00:12:42.720 Another dimension to look at within PostgreSQL is index creation. Indexing in PostgreSQL can only be done once per subquery, and they’re mainly aimed at optimization, either for filtering, sorting, or both. To effectively utilize indexing, it’s beneficial to identify existing or missing indices within your database. You can also look into the stats after running a vacuum analyze to determine which indices are no longer in use to maintain efficiency and prevent bloating.
00:13:36.279 PostgreSQL hosting options can also bring exciting prospects when engaging more advanced queries in your database. Analyzing the performance of your queries can help identify potential bottlenecks while offering valuable insights into how your indices are contributing to overall system performance. You can track performance over time, enabling a better understanding of the overall health and efficiency of your database.
00:14:29.400 As we explore performance enhancements, we must also keep an eye on exotic databases. One fun example is CockroachDB, which is designed for automatic sharding in PostgreSQL-like environments without extensive customization. CockroachDB aims to ensure data is evenly distributed across multiple nodes, therefore mitigating risks like data loss during outages or natural disasters.

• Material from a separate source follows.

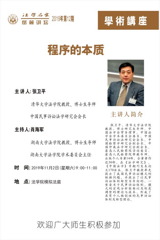 教授,博士研究生导师。中国法学会常务理事、中国法学会学术委员会委员、中国民事诉讼法研究会会长、中国检察学研究会副会长、中国仲裁法学研究会副会长、最高人民检察院咨询委员、最高人民检察院带教导师。出版个人专著14部,合著著作近50部,在《法学研究》、《中国法学》等期刊发表论文170余篇。张卫平教授率先提出了我国民事诉讼模式的转换问题,并提出了以民事诉讼体制转型为导向的,一整套关于民事诉讼体制、模式的宏观分析框架以及制度调整的理论与技术,形成了具有个人独创性的民事诉讼体制及转型理论。

00:15:44.760 Then, we have MySQL, which is more commonly used, especially among PHP developers. Once considered a joke, its capabilities have evolved considerably—a serious alternative to PostgreSQL worth looking into. Finally, there are very exotic databases like ClickHouse, which was developed in Russia specifically for high-performance data analysis without compromising on speed or efficiency.
00:16:22.740 Notably, Cloudflare processes six million requests per second through ClickHouse, showcasing its potential for handling hefty workloads. If you'd like to dive deeper into advanced database architectures, you might want to consider NoSQL and document databases, though such topics would indeed merit their own extensive discussions.
00:17:01.920 In conclusion, reach out to the fascinating world of databases that are out there. Explore the various features and functionalities that each specialty database has to offer. Thank you very much for your time!